[Data extracted from a collection]
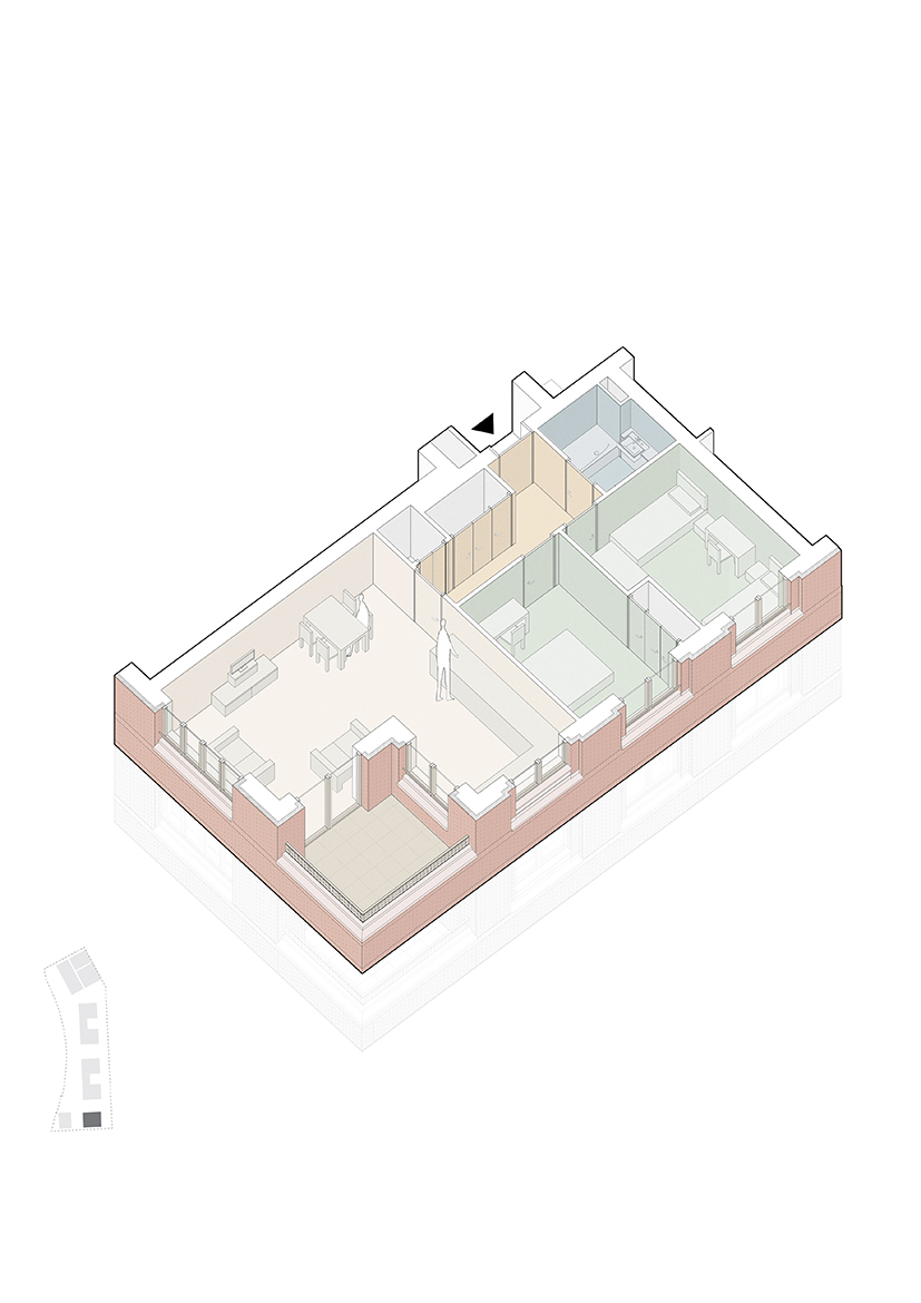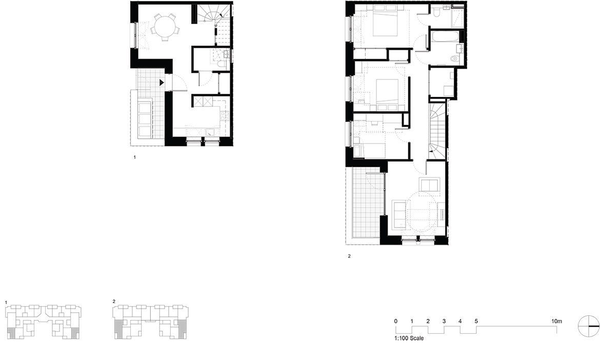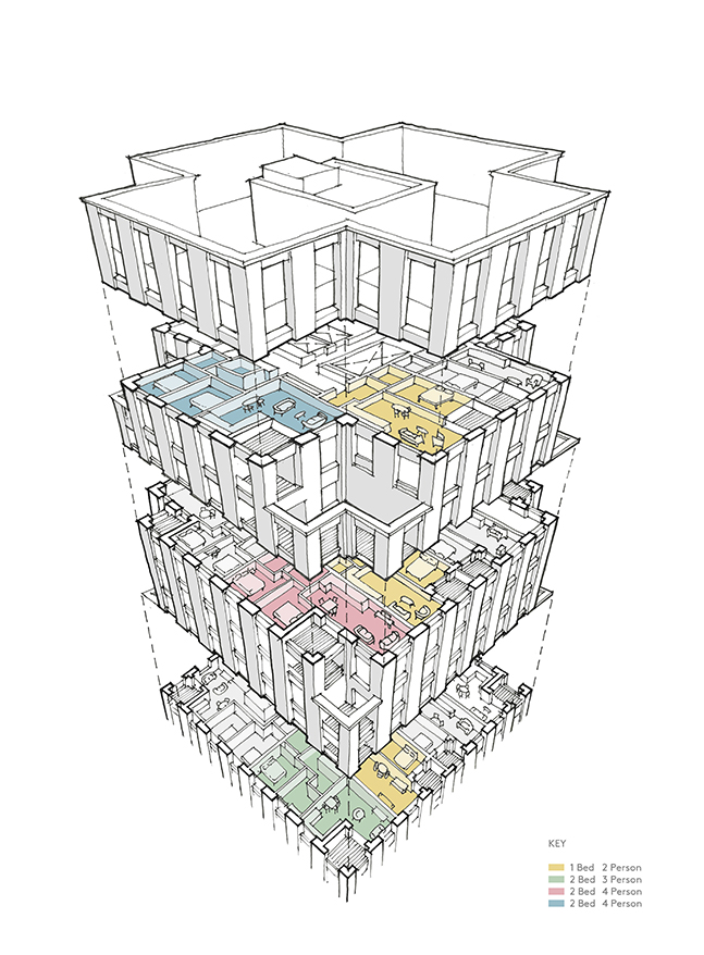 Occupying the centre of the site are two ‘C’ shaped courtyard mansion blocks containing landscaped gardens at their centre which both residents and the public can use. Taking their cue from the historic Peabody mansion buildings, the blocks are carefully articulated to increase the number of dual-aspect dwellings with adjoining private terraces and balconies.
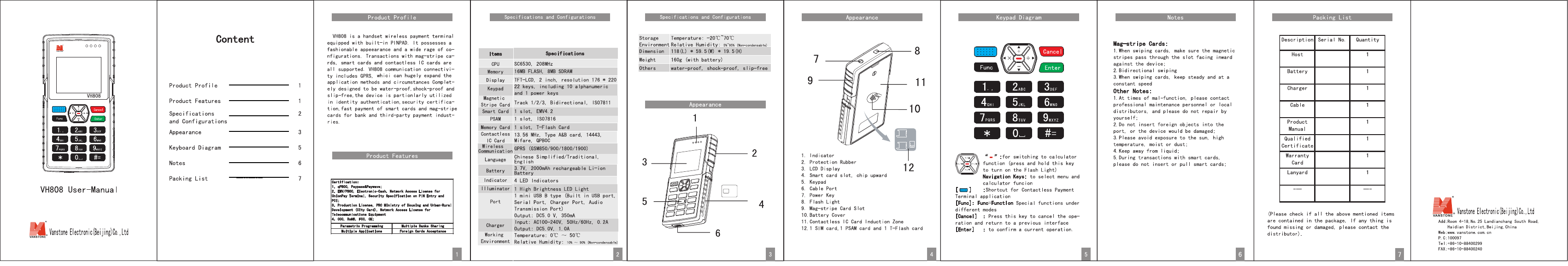 Vanstone Electronic VH808 Wireless Hand-held Payment Terminal User Manual VH808 VD12 VD10 3
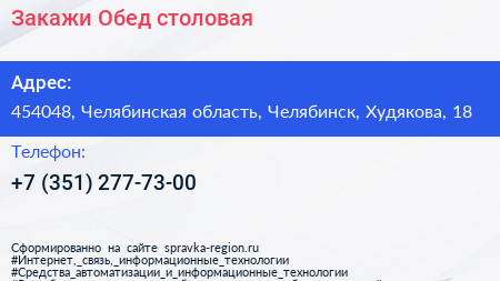 Закажи Обед, столовая по адресу 454048, Челябинская область, Челябинск, Худякова, 18 в дальнейшем Организация, размещена в следующих категориях:
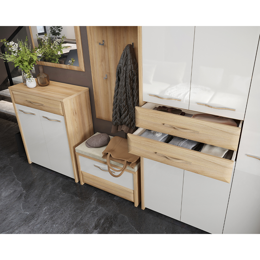 Cipelarnik za predsoblje iz kolekcije GALA sa dva krila i fiokom modernog dizajna.
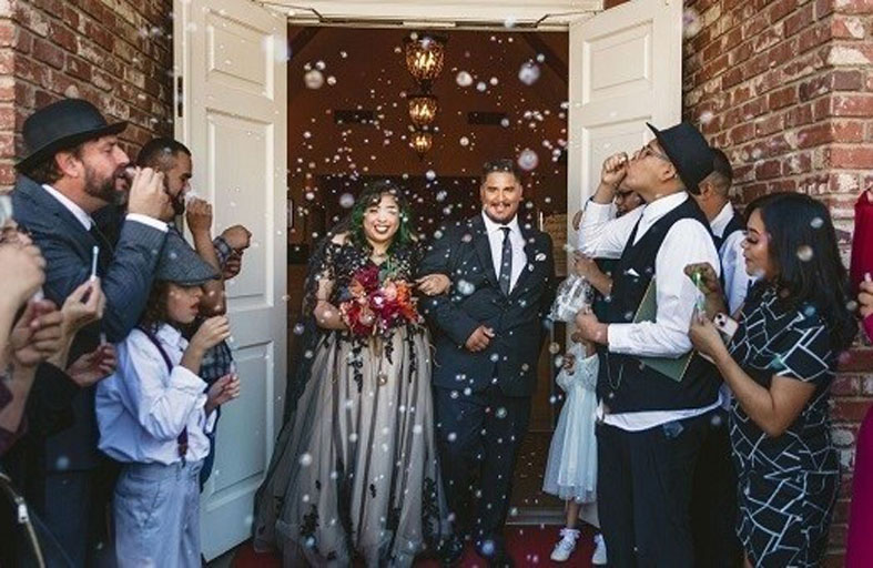 وبعد قراءة عهود الزواج، التي أقيمت في المنطقة المخصصة عادةً لخدمات حرق الجثث، توجه المحتفلون إلى حفل استقبال مستوحى من عيد الهالووين بنظام الألوان الأحمر والأسود والقرع والشموع المعلقة.
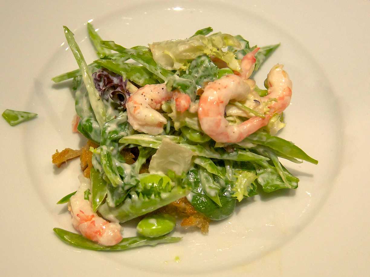 Räksallad i nobissås på vitlökslevain
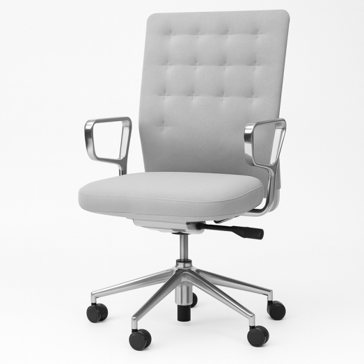 verstellbare Lumbalstütze, Rahmen 53 soft grey Ring-Armlehne alu, nicht höhenverstellbar Vorwärtsneigung & Sitztiefenverstellung Bezug Plano 05 cremeweiss/sierragrau 5-St.-Untergestell Alu poliert, Rollen weich Sitzhöhe 40-52cm B 70-94cm T 66-79cm H 99-110cm
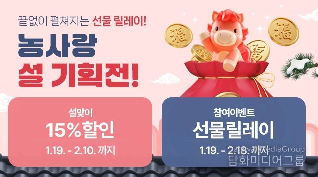 시민행정신문 이세훈 기자 | 충남도 대표 농특산물 온라인 쇼핑몰 충남농사랑이 한 해의 시작을 알리는 설 명절을 맞아 도내 농특산물의 소비 촉진, 지역 농가의 소득 증대와 함께 도민의 합리적이고 건강한 소비를 위해 19일부터 2월 10일까지 설 명절 기획전을 진행한다.
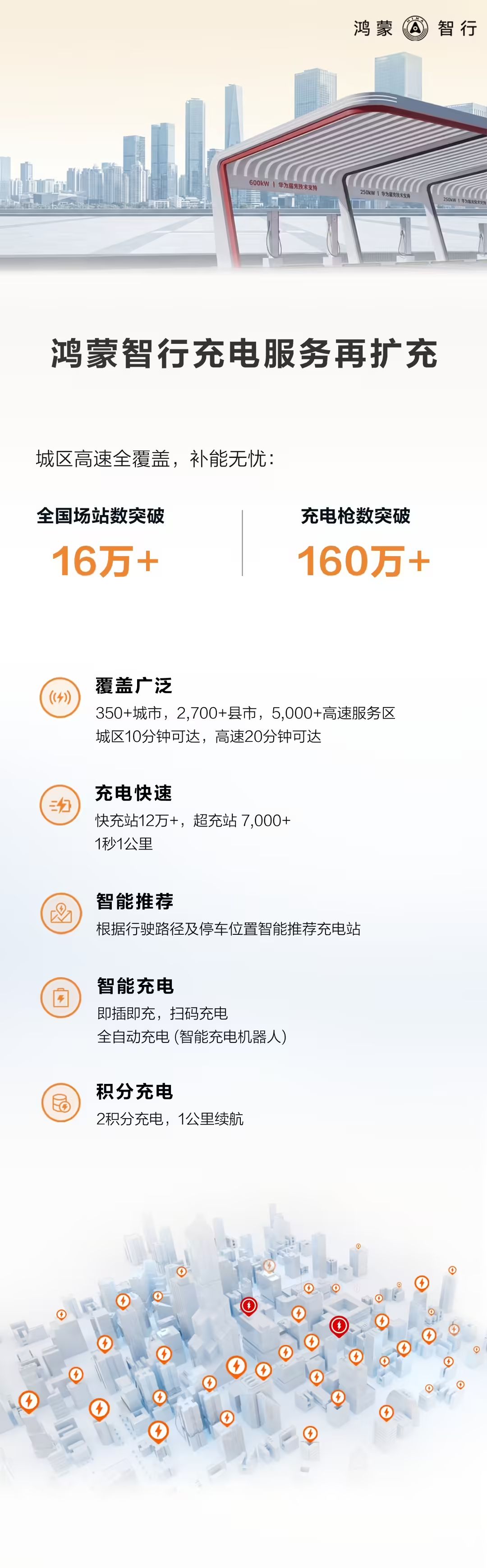 鸿蒙智行充电网络全国突破16万场站、160万充电枪,覆盖超350城及5000+高速服务区
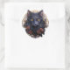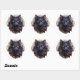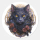Uma ilustração mística impressionante de gato preto com espirais e rosas.
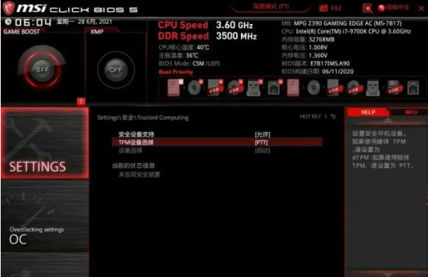 1、重启按DEL进入BIOS,按F7进入高级模式,点击进入Settings的【安全】选项,再进入Trusted Computing。
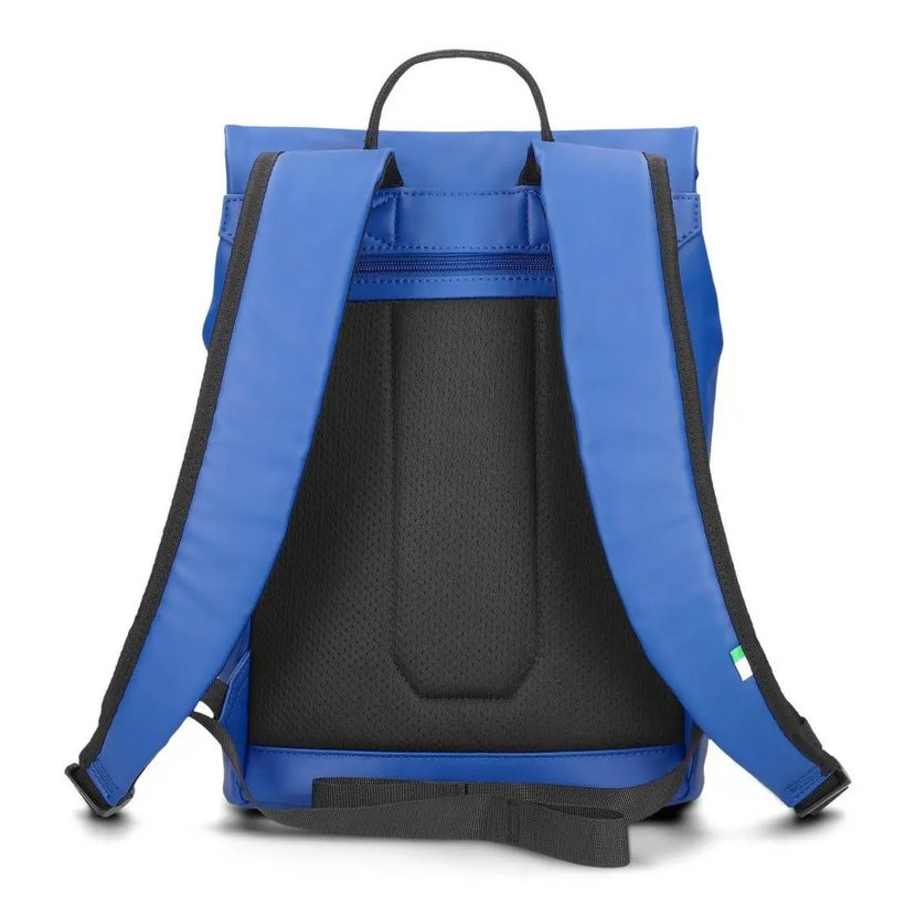Batoh má jedno krátké ucho do ruky a dva nastavitelné a vypolstrované popruhy na záda. Záda batohu jsou vyztužená a vyměkčená, díky čemuž se batoh dobře nosí a dobře drží tvar. Batoh má na zádech kapsu na zip. Na přední straně je další kapsa s kolmým zipem, ve které je karabinka na klíče na dlouhé šňůrce. Horní část batohu je překlopená dopředu a zapíná se na magnety skryté pod materiálem a přezku.
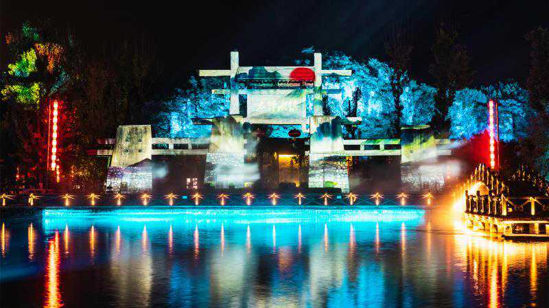 除了水镇的古朴韵味,太行水镇还融入了现代化的业态和生活。图为在太行水镇举办的《梦回太行山水光影秀》。
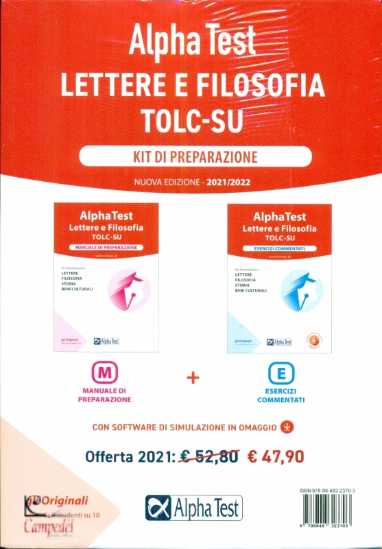 Alpha Test. Lettere e Filosofia. Kit di preparazione: Manuale di preparazione-Esercizi commentati. Nuova ediz. Con software di simulazione Paola Borgonovo - Ilaria Caretta - Fausto Lanzoni - Raffaella Reale - Giuseppe Vottari pubblicato da Alpha Test Collana TestUniversitari Questo kit rappresenta la soluzione più completa e aggiornata per prepararti ai test di ammissione a tutti i corsi di laurea dell'area di Lettere e Filosofia: Lettere, Filosofia, Storia, Beni culturali. Ogni li bro prevede la trattazione di tutti gli argomenti oggetto d'esame (competenze logiche e linguistiche, letteratura italiana, storia, filosofia, geografia, storia dell'arte, educazione civica, lingua inglese, lingua latina, cinema, musica e linguaggi dello spettacolo). Il kit comprende: il manuale, con la teoria essenziale per studiare o ripassare ogni argomento richiesto al test; l'eserciziario con i commenti per mettersi alla prova e chiarire ogni dubbio; Il software Alpha Test Player, scaricabile gratuitamente, permette di svolgere numerose prove simulate del test ufficiale visualizzando subito i risultati, anche in forma grafica. Richiede Windows 7 o superiore oppure macOS 10.9 o superiore. Libreria Campedèl Belluno | |
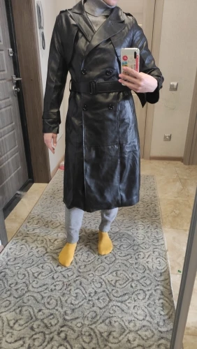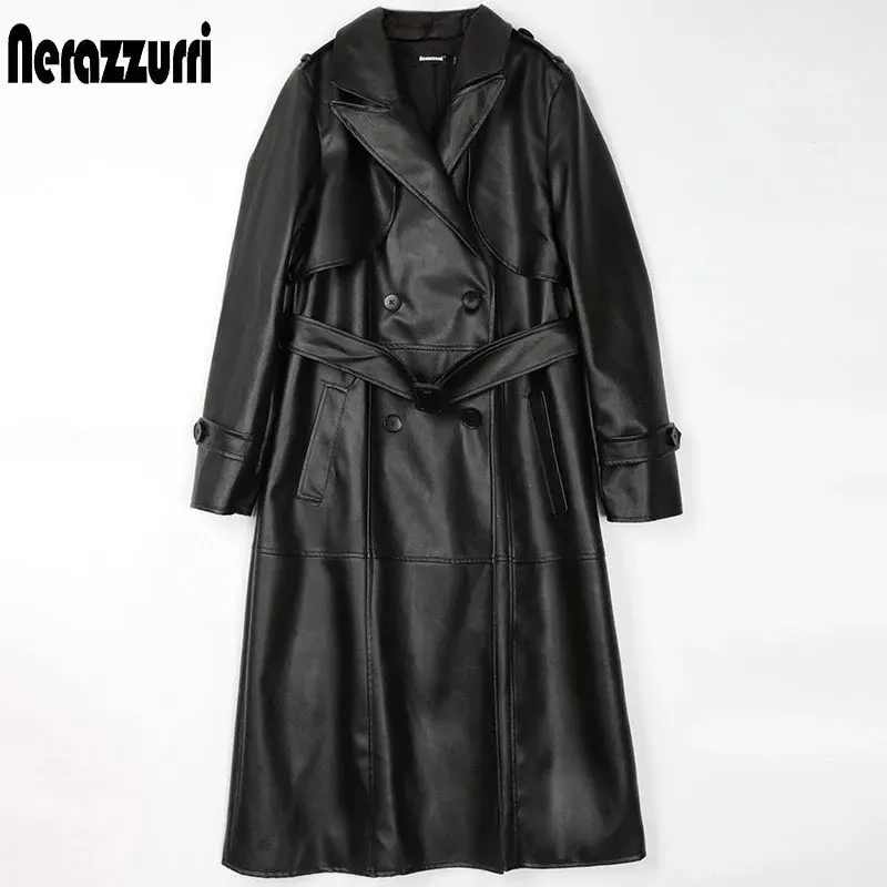 Nerazzurri-gabardina larga de imitación de cuero negro para mujer, cinturón de manga larga, doble botonadura, de talla grande, moda de otoño para mujeres, 7xl, 2022

GOAL OF THE EXERCISE: The answer should consist only of the lines above from the one with "Vanstone Electronic VH808" through the one with "Cipelarnik za predsoblje", repeated exactly, with no pictures among them.

ANSWER TO THIS EXERCISE:
 Vanstone Electronic VH808 Wireless Hand-held Payment Terminal User Manual VH808 VD12 VD10 3
 Закажи Обед, столовая по адресу 454048, Челябинская область, Челябинск, Худякова, 18 в дальнейшем Организация, размещена в следующих категориях:
 Cipelarnik za predsoblje iz kolekcije GALA sa dva krila i fiokom modernog dizajna.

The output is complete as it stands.